I came upon a rather obscure blog post from 2015 (http://www.markharvey.info/art/srldiv_04.10.2015/srldiv_04.10.2015.html) outlining the exact same issue while also referencing Xilinx systems designer Mr. Ken Chapman's proposal: using FPGAs' shift register primitives (e.g., Xilinx's SRL32E) to alleviate that.

However, the method described therein would rely on the user to calculate the target frequency's factors between [2, 32) and painstakingly connect each and every instance of SRL32Es to one another, all in a manual manner, not to mention that the resulting pulse would have a low, one-cycle-long duty.

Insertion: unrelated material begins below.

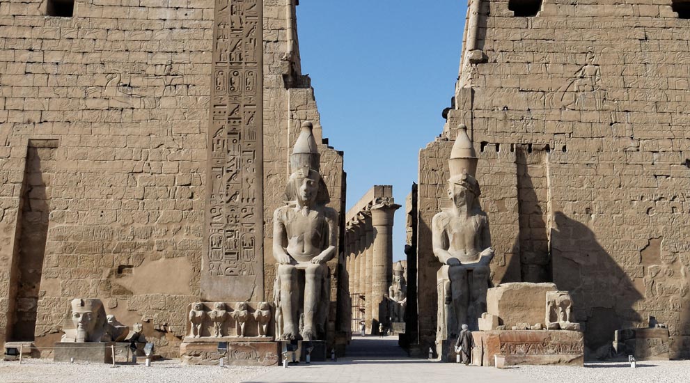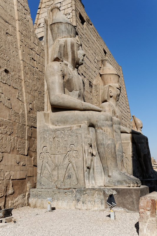 Les statues représentées sur les gravures du temple ne sont plus toutes en place. Restent principalement les 2 colosses assis. A l'Est, le colosse dénommé "Souverain des Deux-terres". L'autre n'a pas gardé la totalité de son nom.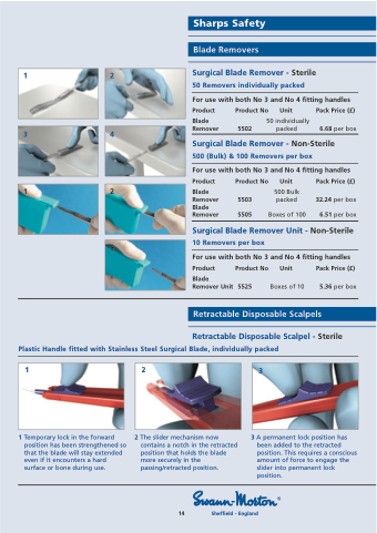 Sharps Safety Blade Removers Surgical Blade Remover - Sterile 50 Removers individually packed For use with both No 3 and No 4 fitting handles 1 2 Product Blade Remover Product No Unit 50 individually 5502 packed Pack Price (£) 6.68 per box 3 4 1 2 6.51 per box Surgical Blade Remover Unit - Non-Sterile Surgical Blade Remover - Non-Sterile 500 (Bulk) & 100 Removers per box For use with both No 3 and No 4 fitting handles Product Product No Blade Remover 5503 Blade Remover 5505 Unit 500 Bulk packed Pack Price (£) 32.24 per box Boxes of 100 10 Removers per box For use with both No 3 and No 4 fitting handles 3 Product Blade Remover Unit Product No 5525 Unit Boxes of 10 Pack Price (£) 5.36 per box Retractable Disposable Scalpels Retractable Disposable Scalpel - Sterile Plastic Handle fitted with Stainless Steel Surgical Blade, individually packed 1 2 3 1 Temporary lock in the forward position has been strengthened so that the blade will stay extended even if it encounters a hard surface or bone during use. 2 The slider mechanism now contains a notch in the retracted position that holds the blade more securely in the passing/retracted position. 3 A permanent lock position has been added to the retracted position. This requires a conscious amount of force to engage the slider into permanent lock position. 14 Sheffield - England

Thus, I wrote `srl_prescaler.vhd`, a fully automated template generator in VHDL for an efficient, register-based cascaded clock divider based solely on SRL32 primitives alongside AND gates---the advantage of this module is that it is very generic and easy-to-use:

```
prescaler : entity work.srl_prescaler
generic map (100e6, 1)
port map (clk_in_100mhz, ce_out_1hz);
```

In the above example, an input clock of 100 MHz (i.e., `100e6` & `clk_in_100mhz`) gets divided into a clock enable signal of 1 Hz (i.e., `1` & `ce_out_1hz`). Among the other improvements, a third optional parameter (i.e., the duty cycle) may also get supplied as a real number (0.00, 1.00) to the generic map.

Overall, this small project makes an otherwise-niche method more accessible by actually making use of the many language features that VHDL has to offer (e.g., pre-computing factor results using functions, automating hardware creation via for...generate clauses, latching using registers and guarded signals, etc.), serving as a simple yet practical learning point.